Pas seulement elle, mais Maud aussi. Elles lui avaient fait la morale toutes les deux. Elles ne trouvaient pas le comportement de Caroline normal. Pascal devait l’écarter. Qui voudrait sortir avec un mec qui a une amie aussi envahissante? Une amie qui se jette sur lui, lui prend le bras, ou qui le suit partout. Entre moi et Caroline, ça faisait beaucoup.
Elodie avait peur que Pascal la fasse souffrir. Ce qu’il a finalement fini par faire! C’est pour ça qu’elle n’avait pas voulu aller plus loin. Elodie voulait d’abord qu’il fasse le ménage autour de lui.

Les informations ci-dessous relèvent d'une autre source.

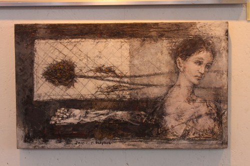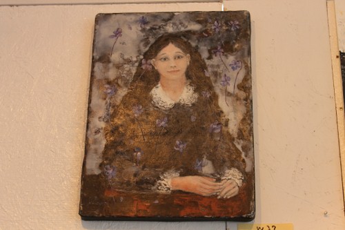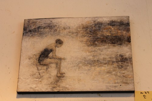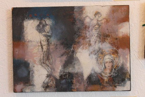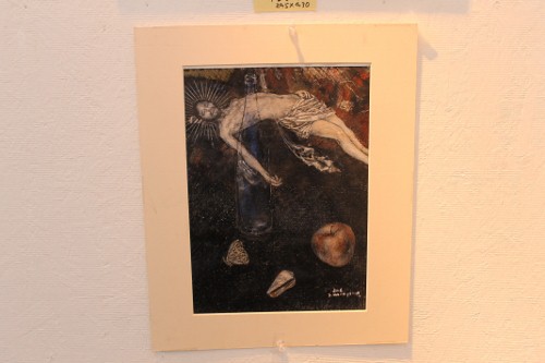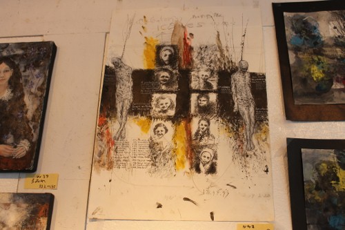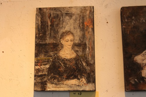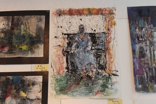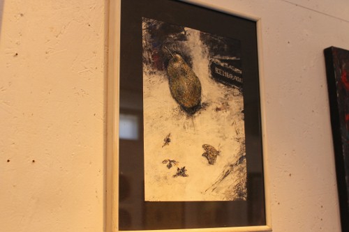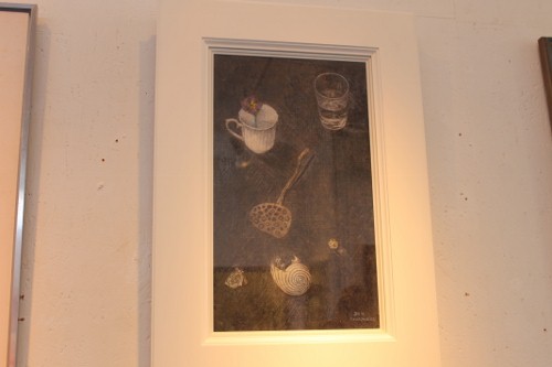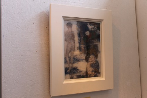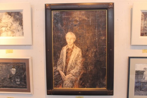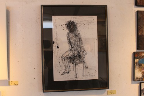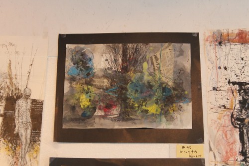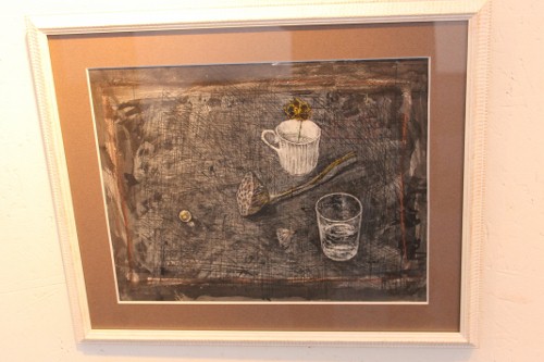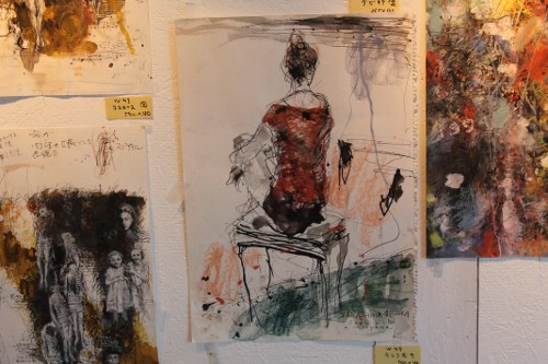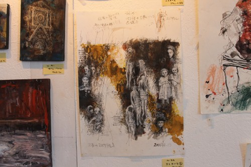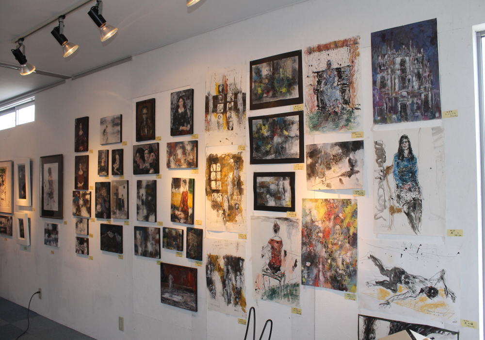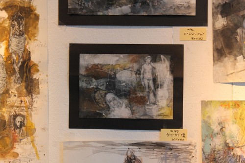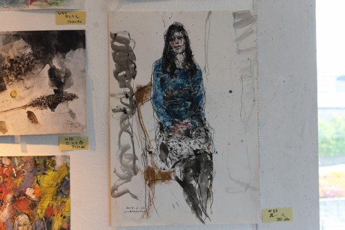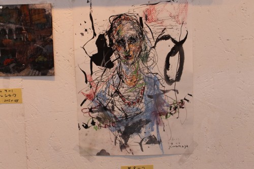 | ギャラリートークの様子 | 若山先生が来客の似顔絵を描いてプレゼントしてくれました。 |

Maud lui avait monté la tête, et samedi soir, Elodie a pleuré dans ses bras, regrettant d’avoir trop attendu. Elle pensait qu’il la plaquait parce qu’elle n’avait pas été capable de lui montrer qu’elle tenait vraiment à lui, qu’elle l’aimait.
Moi, je pense qu’elle avait aussi remarqué le manège de sa copine Maud. Elodie devait se douter, que quelque chose se tramait dans son dos. Elodie était prête à sauter le pas, même si Pascal n’avait pas réglé les choses avec moi.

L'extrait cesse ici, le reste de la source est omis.